Виртуоз принял несвежую, на дешевой бумаге газету с блеклой надписью «Тобольские ведомости». Стал читать статью, выделенную красным фломастером. Статья называлась: «Цесаревич избежал большевистской казни».
В статье говорилось, что злодеяние в Ипатьевском доме имеет тайну, доселе тщательно скрываемую. Цесаревичу Алексею чудом удалось избежать убийства, ибо в ночь перед казнью его место занял мальчик, сверстник царевича, Иван Мызников, сын екатеринбургского мещанина Егора Мызникова, который, будучи монархистом, принес сыновью жертву, спасая наследника престола.
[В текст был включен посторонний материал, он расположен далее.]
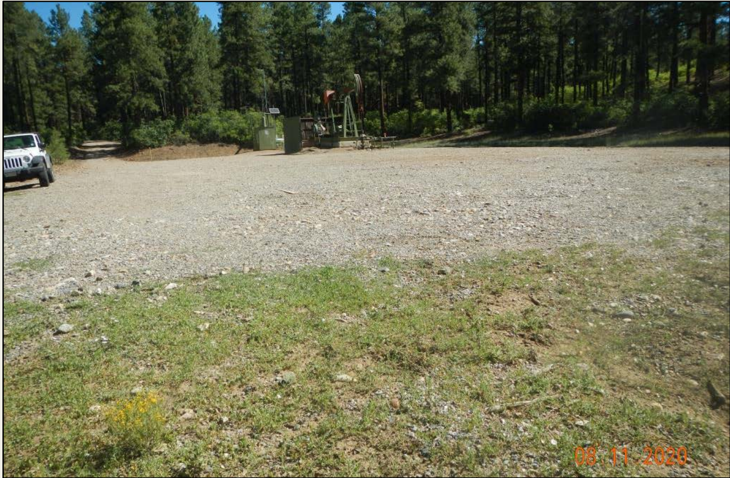
Photo 1. View of the project area from the southwestern corner facing center.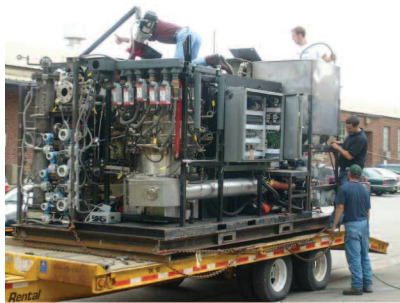
Figure 10. Tactical Garbage to Energy Refinery (TGER).

to power a 60 kW generator. A battalion sized forward operating base (600-800 soldiers) creates about one ton of garbage per day that can be recycled into energy, so the system is designed to convert one ton of waste into energy equal to about 100 gallons of JP-8. It is skid mounted and deployable on a military 5-ton flatbed trailer.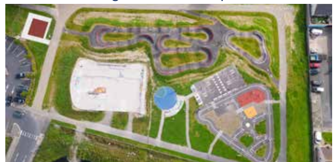
New BMX Pump Track at Fairlane Park, Dungarvan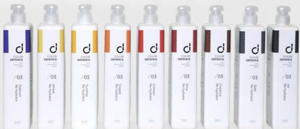
Colour Depositing Rehydrators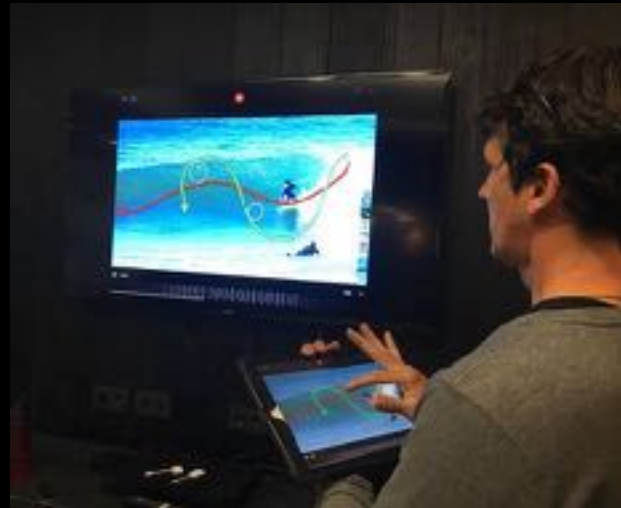
Using best technology San Sebastian, Spain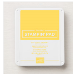
Daffodil Delight Classic Stampin' Pad - 147094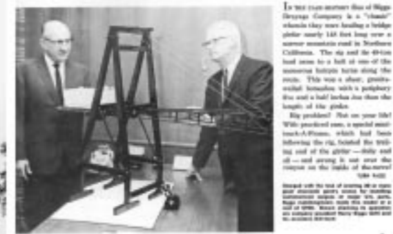
Advertising Mobile engineering ad in Dana Digest

Через своего родственника, служившего в охране дома; тоже тайного монархиста, мещанин Мызников осуществил подмену, принял цесаревича, переправив его в безопасное место. Сын же его погиб мученической смертью вместе с царем и его семейством. Именно этим обстоятельством объясняется несовпадение ДНК найденных останков царевича с ДНК остальной семьи. Спасенный царевич, передаваемый из одних спасающих рук в другие, изменил фамилию и имя. Нареченный Семеном Горшковым, благополучно достиг совершеннолетия, работал в одном из леспромхозов Урала, женился на дочери лесного объездчика и родил сына Федора. Когда началась война, добровольцем ушел на фронт и погиб под Сталинградом в 43-м году, в штрафном батальоне. Федор Горшков окончил горный техникум, работал на горнодобывающих предприятиях Южного Урала, вступил в партию и был направлен на партийную работу в Богорякский район Челябинской области, где получил должность инструктора райкома. Женился на местной учительнице. У них родился ребенок, которого они назвали Алексеем, в честь деда, скрывавшего свое истинное имя. Когда младенцу едва исполнилось пять месяцев, оба родителя скоропостижно скончались, предположительно от того, что выпили воду из реки Сечи, отравленной радиацией. Младенца отдали в местный детский дом, где он и вырос без родителей. Окончив школу и Челябинский педагогический институт, историческое отделение, Алексей Горшков, а, по сути, Алексей Романов, сберегая тайну своей родословной, отправился в город Тобольск, место пребывания царской семьи перед ее отправкой в Екатеринбург. В Тобольске Алексей Горшков работает в краеведческом музее, изучая материалы о тобольской ссылке Романовых. Готовит экспозицию редких фотографий, сохранившихся в тобольских архивах. И никто из сотрудников музея, из друзей и знакомых Горшкова не догадывается, что среди них находится прямой потомок Государя Императора Николая Второго, законней наследник и претендент на российский престол.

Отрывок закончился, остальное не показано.